Le criptovalute rappresentano una delle forme d’investimento ad oggi più diffuse, sia in Italia che in Europa. Di contro, come in molti sanno già, hanno un determinato impatto sull’ambiente, a causa del consumo di risorse come l’acqua. Esistono però delle soluzioni che possono ridurre il carbon footprint delle criptomonete, e che meritano di essere approfondite.
I numeri sulle criptovalute in Europa
Si parte innanzitutto da un approfondimento sul boom delle criptovalute, testimoniato dai dati di settore. Secondo uno studio di BTS e Zeb Consulting, che può essere analizzato leggendo questa pagina sul sito di Bitpanda, ci troviamo di fronte ad un periodo storico decisamente favorevole alle crypto. Nel dettaglio, in Europa ad oggi sono presenti circa 25 mila miliardi di euro in asset liquidi, con una crescita che viene provata da questi numeri.

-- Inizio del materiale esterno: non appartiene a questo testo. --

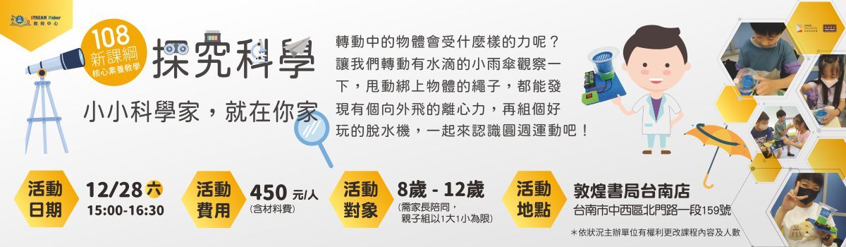讓我們轉動帶有水滴💧的小雨傘觀察一下,當你每次甩動綁上物體的繩子時,都能發現有個向外飛的離心力,很神奇吧!
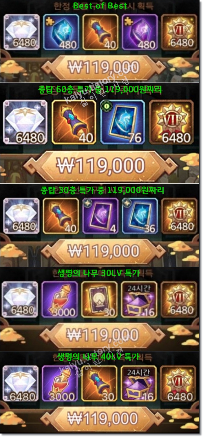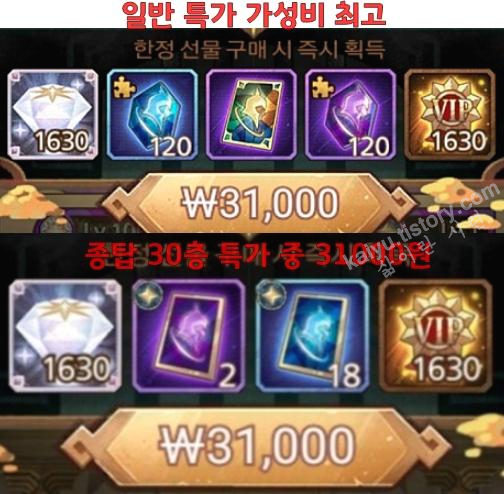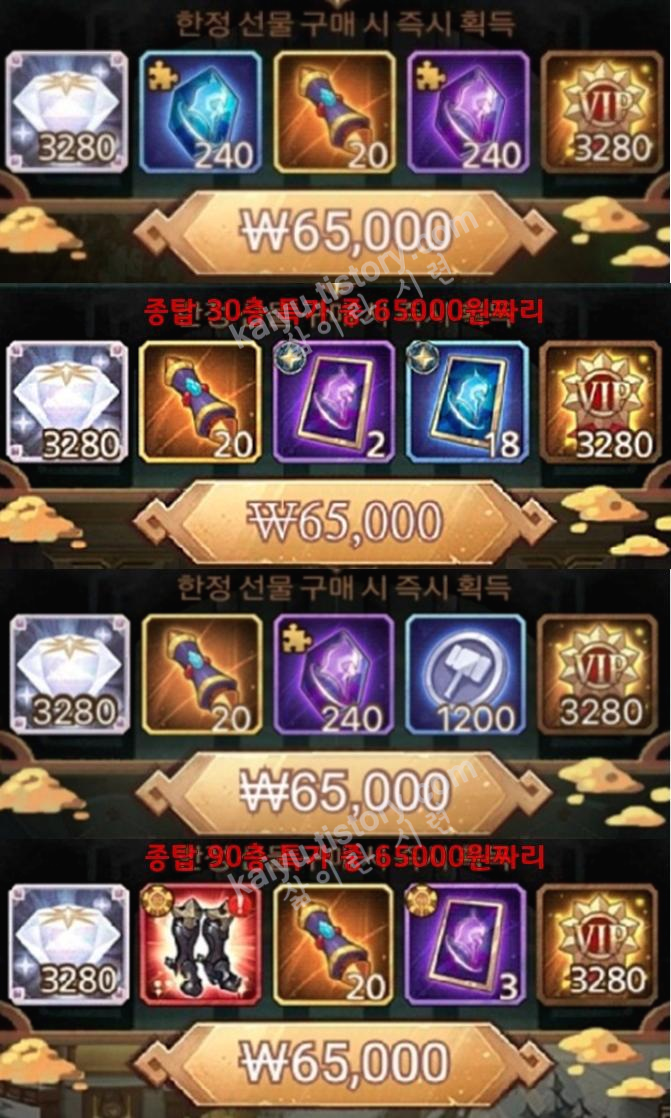 특히, 종족의 탑 30층과 60층 특가는 재료수급에 있어서 무조건 구매해주는 편이 좋답니다.
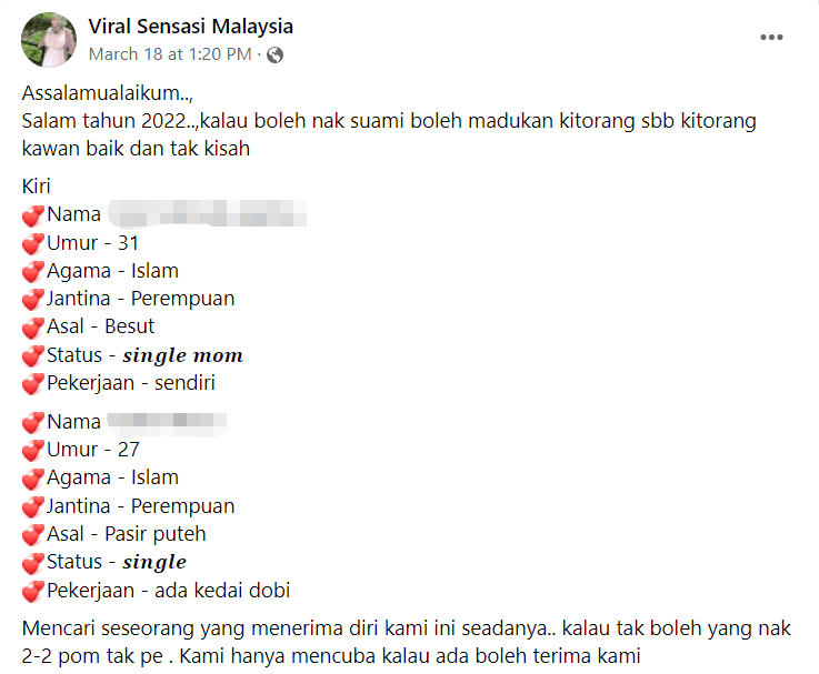 The Facebook page is widely known to be a platform for single Malaysian men and women to hopefully net the partner of their dreams.
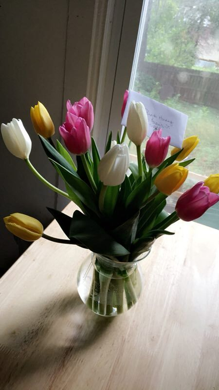 正当我们还在不断地埋怨自己的时候,也就在face time 后3-5分钟,女儿忽然又挂电话过来了,哭泣的声音明显从那一端经Speaker话筒传进我们的耳朵,我们急切的询问:“宝贝,为什么哭呀?”。女儿在哭腔中带着甜甜地说, 英文中夹杂着汉字:“我是Happy的哭!刚才对不起!没想到你们会online给我order蛋糕。”这可是女儿离开我们在外面过的第一个生日,我们怎能不做些什么呢。其实,她不记得,她第一个学期我们还给她邮寄过中秋月饼呐!后来,为了弥补这个短暂的不愉快,我们决定再增加一个项目:网上买一盆鲜花送过去。选择了郁金香,愿女儿长大后博爱,体贴,高雅,富贵,能干,聪颖。女儿第二天收到15朵美丽的郁金香,还有她喜欢的chocolate / strawberry蛋糕,开心的神态我们从微信中不断飘出的心型能充分的体会到!
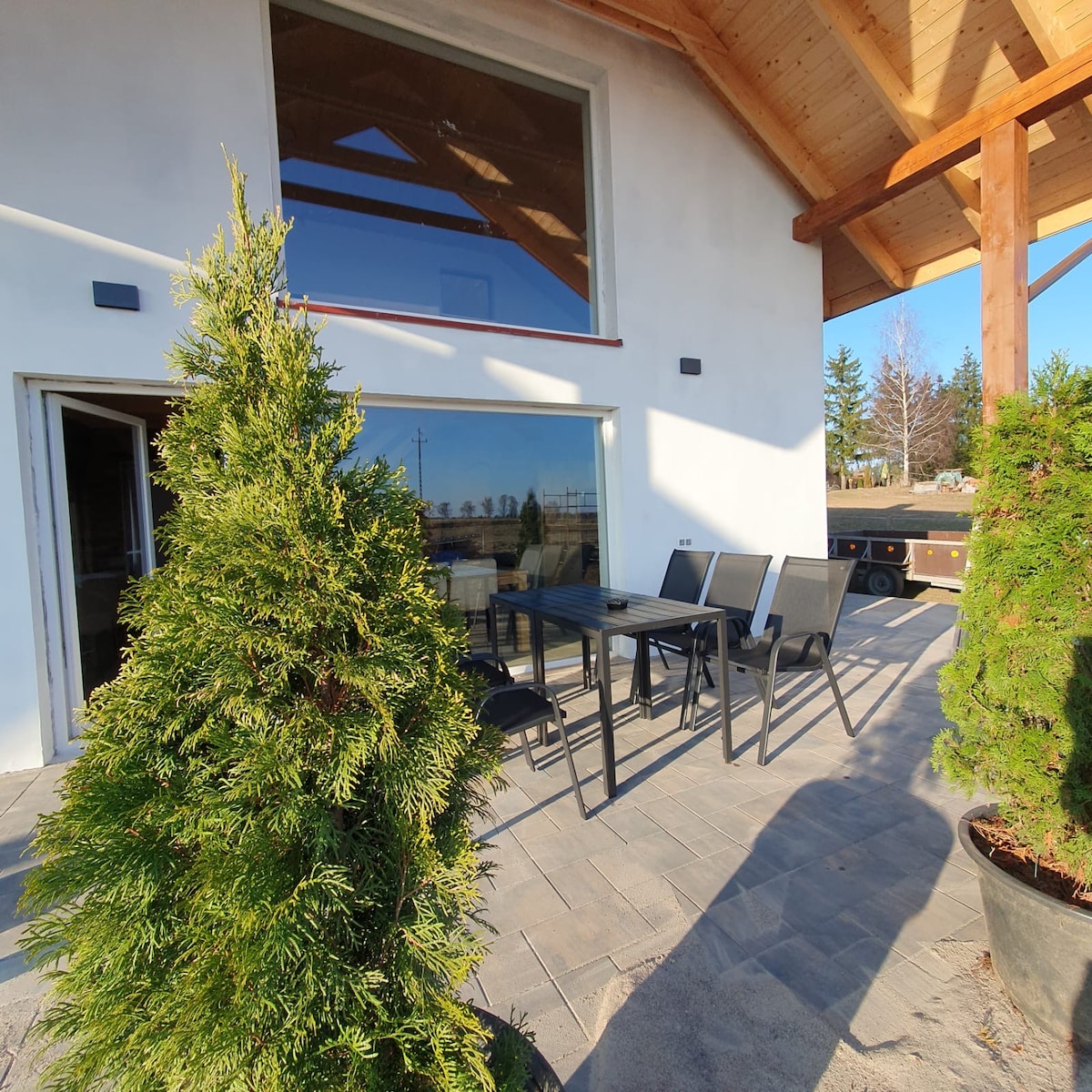 Vrlo atmosferska, udobna i istovremeno prostrana kuća sa kaminom tokom cijele godine, smještena na odličnom mjestu, na samoj plaži pored jezera Śniardwy. Kuća površine oko 150 m2. Na spratu su četiri spavaće sobe i kupatilo sa tušem. U prizemlju se nalazi prostrana kuhinja sa trpezarijom, dnevnim boravkom i kupatilom sa tušem. Tokom ljetnje sezone gosti mogu da uživaju u prostranom spoljnom bazenu koji se nalazi pored kuće. Roštilj i ognjište. dvije terase, jedna natkrivena Velika bašta i parking
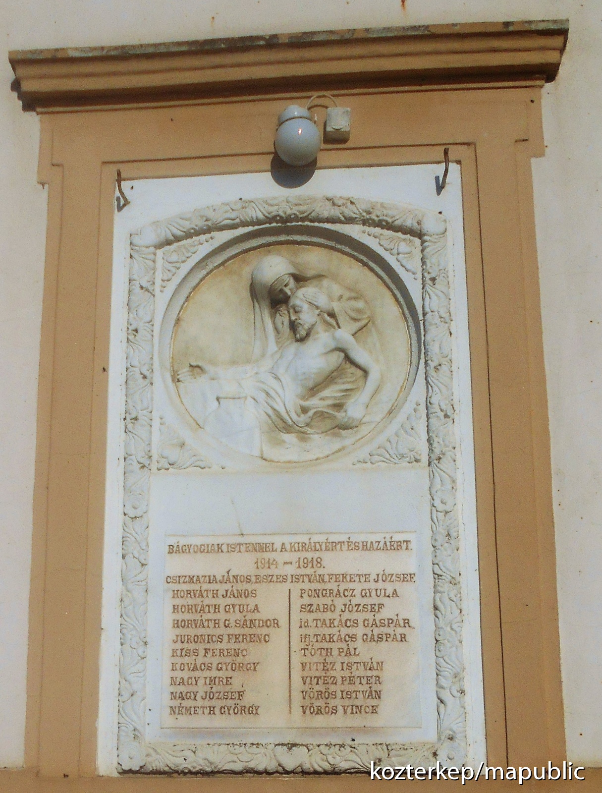 A különösen szép, véleményem szerint márványból készült bágyogi emlékművön, -sajnos az alkotó kilétét eddig nem sikerült azonosítani- olvasható Horváth János, Vitéz Péter orosz fogságban halt meg, Vörös Vince az olasz fronton, Vörös István pedig Galíciában halt hősi halált.
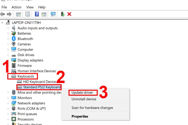 Bước 2: Mở cửa sổ Device Manager chọn Keyboards sau đó chọn Standard PS/2 Keyboard. Tiếp theo, nhấn chọn Update driver.
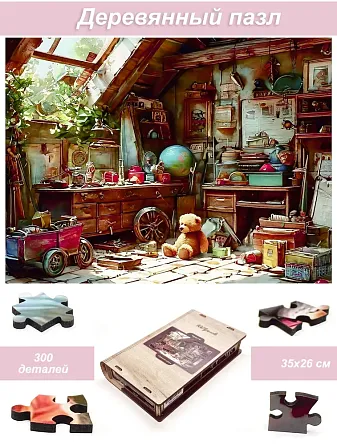 Пазл деревянный Алма 300 деталей Странное время. Чердак
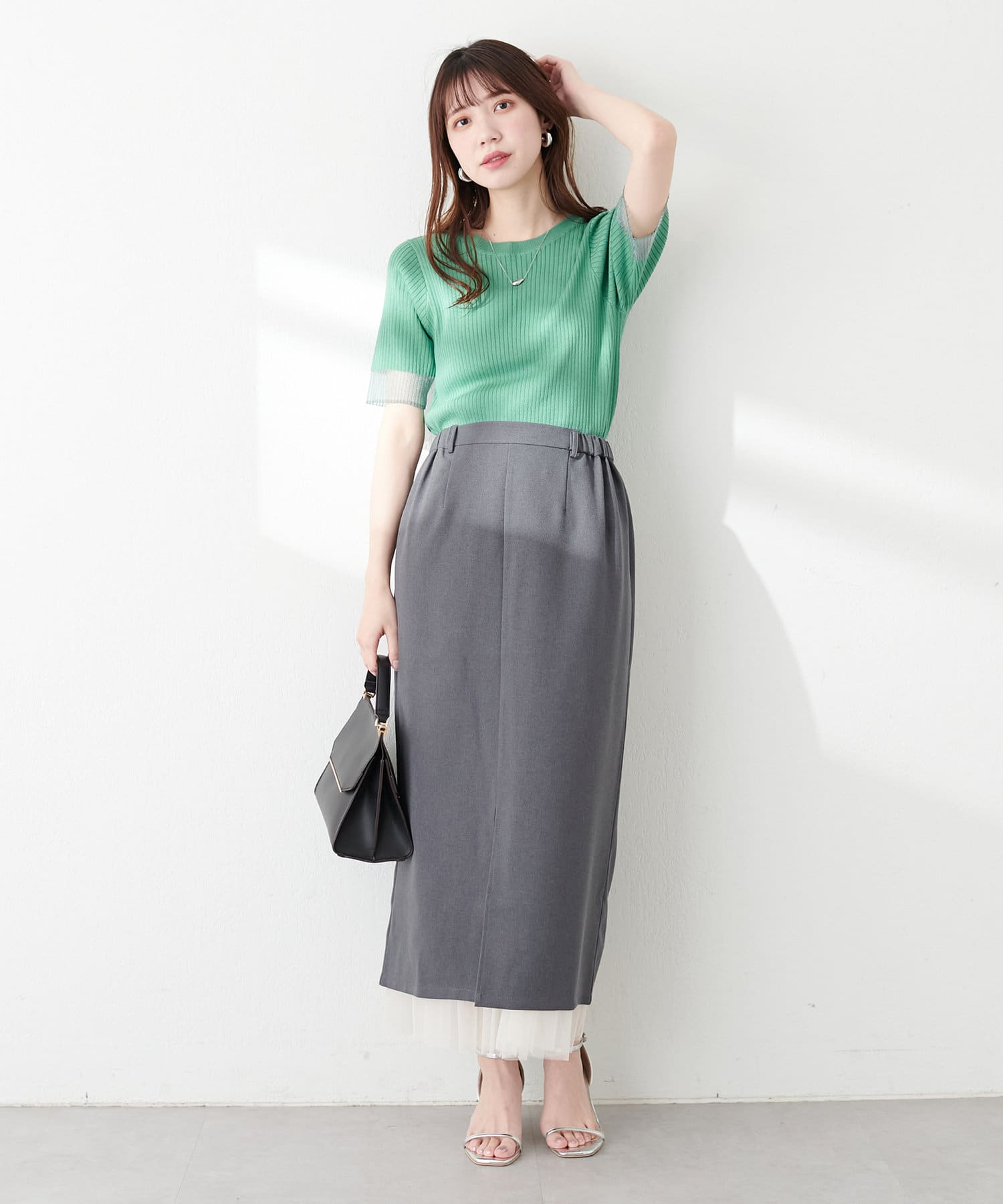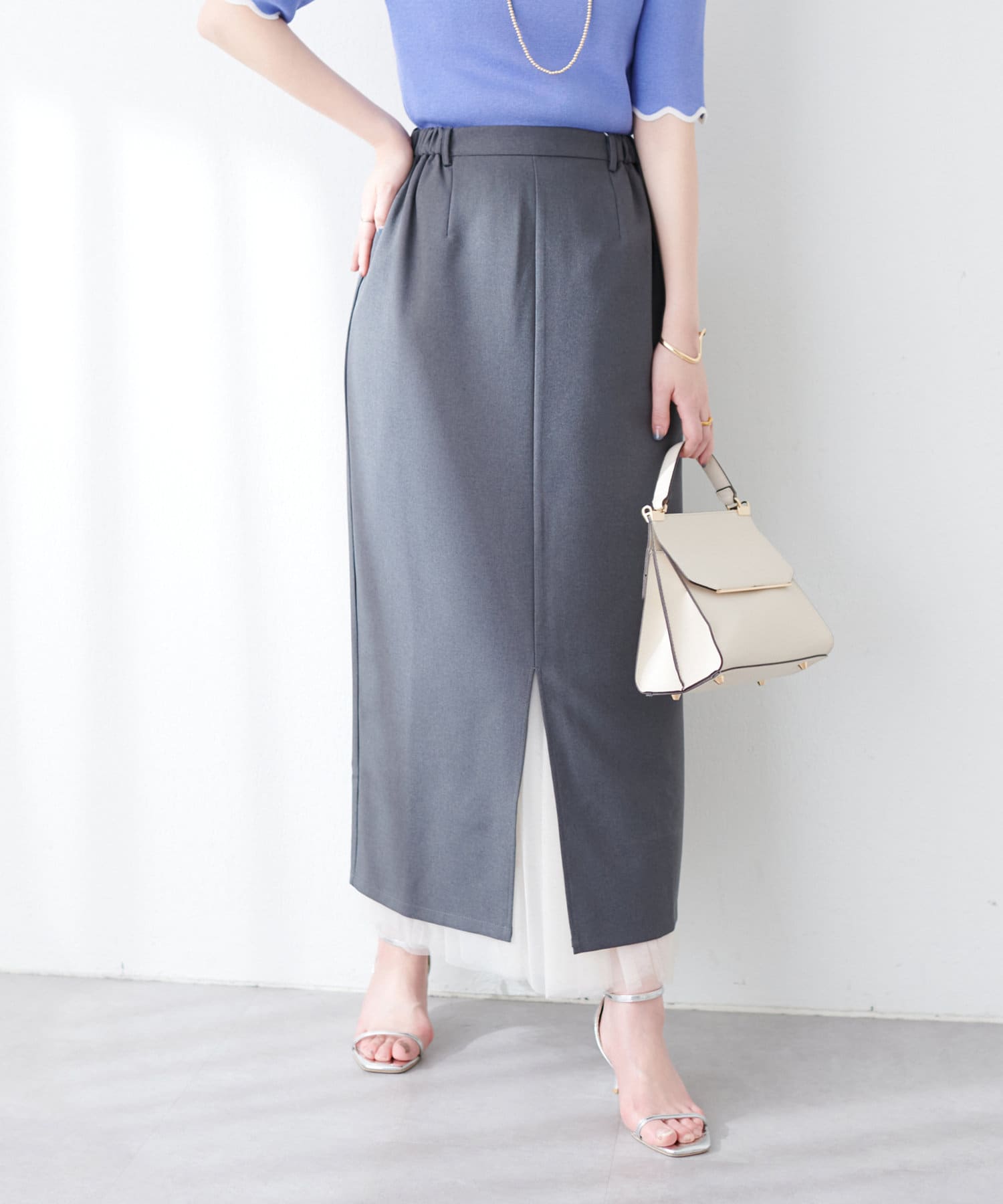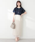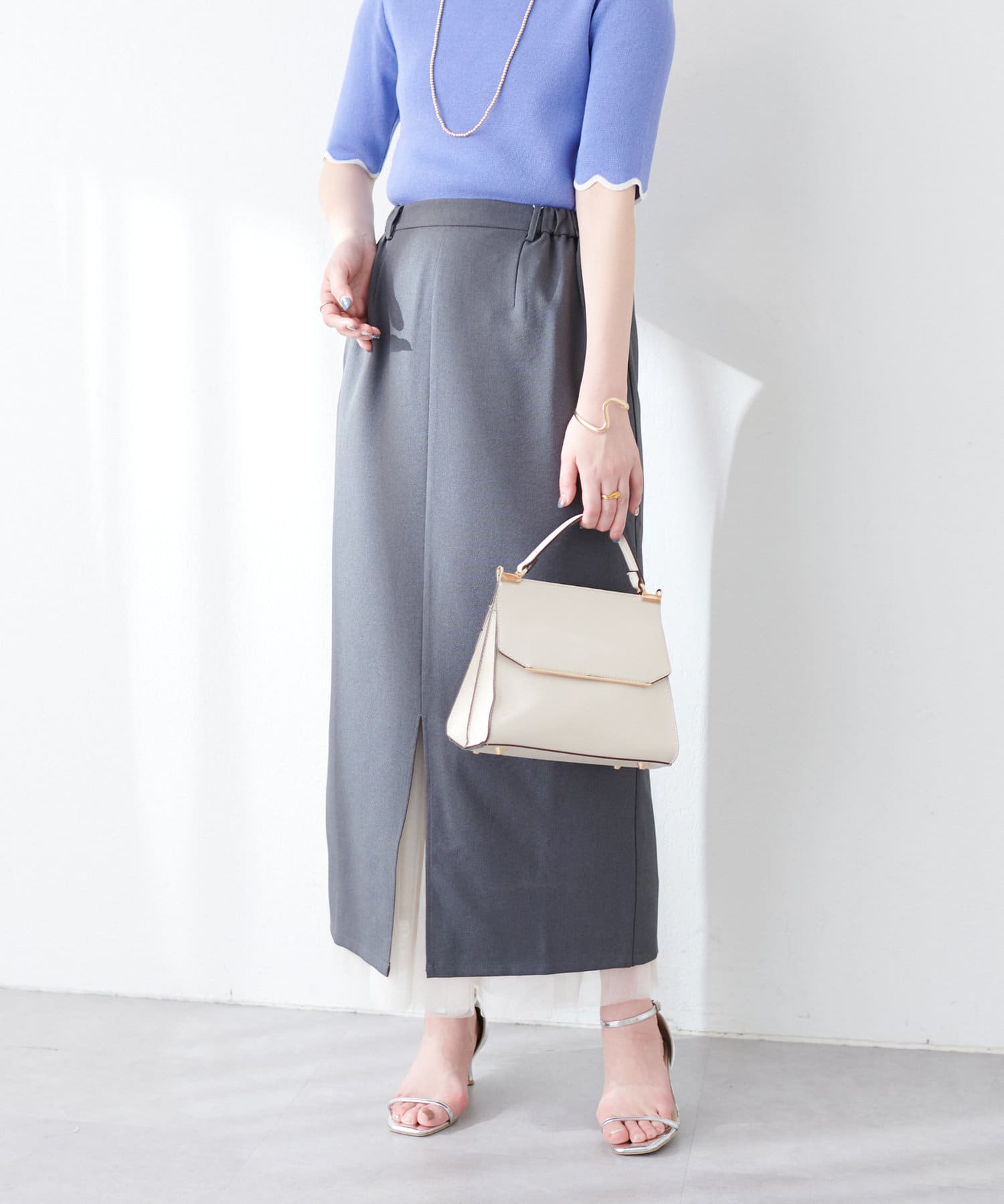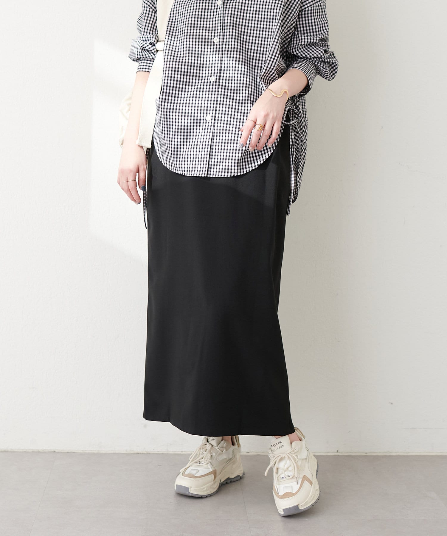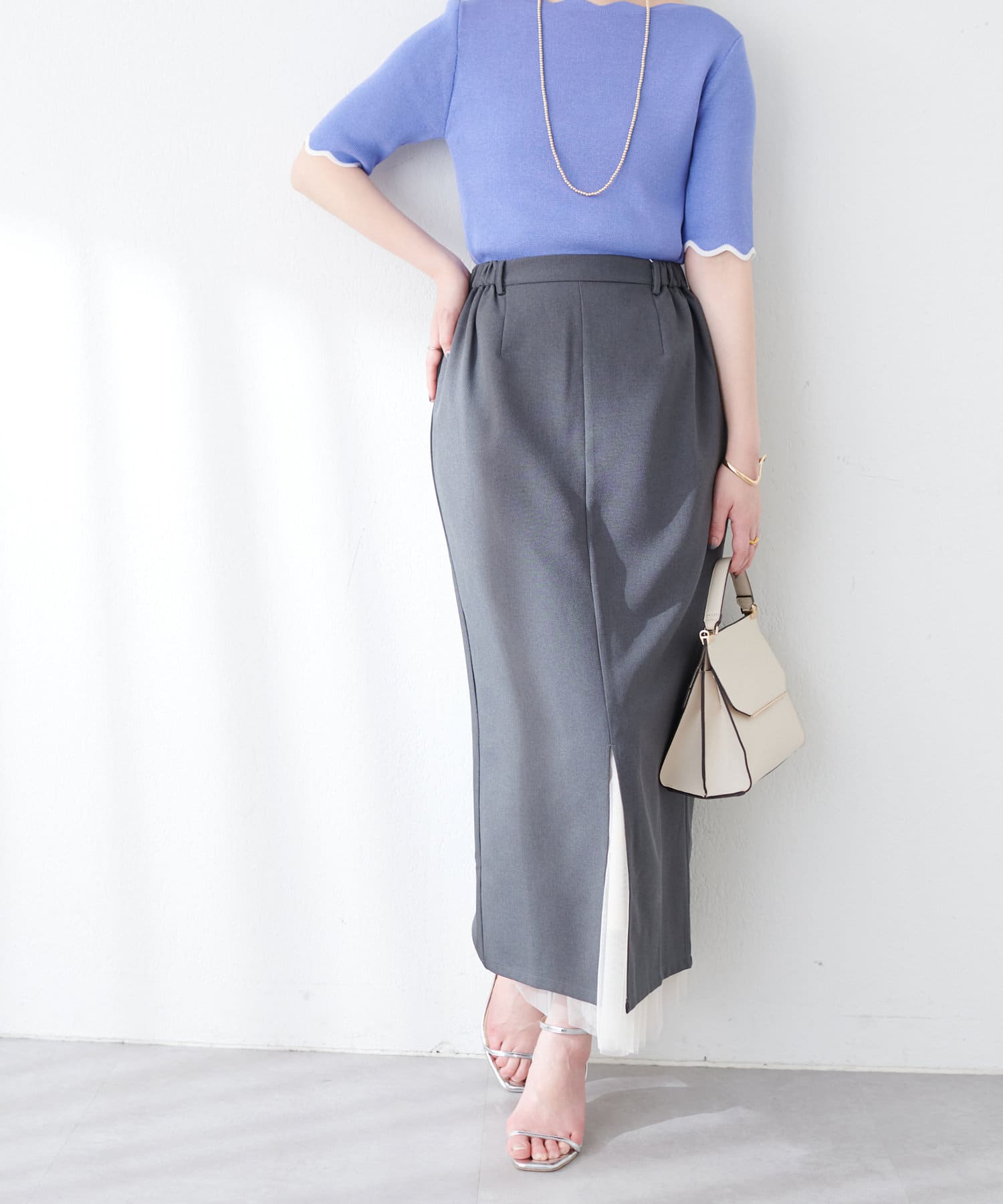 ナロースカートはさらりとした肌触りの落ち感のある生地を使用。
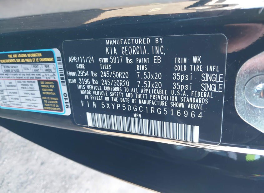 - VIN: 5XYP5DGC1RG516964

1 investitore retail su 7 possiede già le cripto nel proprio portafoglio: una percentuale che sale al 50% se si considerano gli investitori attuali e futuri con un elevato patrimonio finanziario. Va però detto che il 42% degli investitori appare dubbioso nei confronti delle criptovalute e, sebbene in minima parte, ciò avviene anche a causa dell’impatto ambientale.
Le soluzioni per una cripto ecosostenibile
Il sistema su cui si basano molte criptovalute, in particolare i Bitcoin, ha un impatto ambientale che oggi non può più essere ignorato. Bitcoin utilizza infatti un meccanismo di validazione delle transazioni chiamato “proof-of-work”, che richiede una potenza di calcolo molto elevata. Questo processo, noto come mining, comporta l’impiego di migliaia di computer specializzati e attivi senza sosta, alimentati da una quantità ingente di energia elettrica. Secondo i dati più recenti, il consumo energetico annuo della rete Bitcoin supera i 120 terawattora: una cifra paragonabile al fabbisogno di un Paese di medie dimensioni come la Norvegia.
Esistono però delle cripto che, già oggi, utilizzano dei modelli più sostenibili, ed è un fattore che – ad esempio – spinge molti investitori a comprare Ethereum e ad informarsi su questo specifico asset. Il motivo lo si spiega così: Ethereum è passata dal sistema proof-of-work al sistema proof-of-stake, noto anche come PoS. La tecnologia in questione è capace di abbattere del -99,95% il consumo delle risorse energetiche, favorendo quindi una maggiore attenzione nei confronti dell’ambiente.
Tornando al Bitcoin, alcuni studi pubblicati nel 2023 indicano che le attività di mining legate a questa crypto sono responsabili della produzione di 65 megatonnellate di CO₂ all’anno. L’utilizzo delle fonti rinnovabili rappresenta dunque una delle strade più urgenti. L’energia solare, eolica e idroelettrica può sostituire le fonti fossili per alimentare i centri di mining, contribuendo ad una riduzione notevole delle emissioni. Alcune operazioni di mining in Islanda e in Canada hanno già adottato dei sistemi alimentati da energia geotermica o idroelettrica, dimostrando che tale transizione è possibile.
Un’altra proposta concreta riguarda l’adozione delle certificazioni ambientali specifiche per l’industria delle criptovalute. Queste ultime permetterebbero di verificare e di rendere del tutto trasparenti le pratiche adottate dai vari progetti blockchain, favorendo i comportamenti sostenibili. L’adozione di standard condivisi e verificabili potrebbe anche incentivare gli investitori a sostenere le iniziative rispettose dell’ambiente, orientando il mercato verso le soluzioni cripto più responsabili.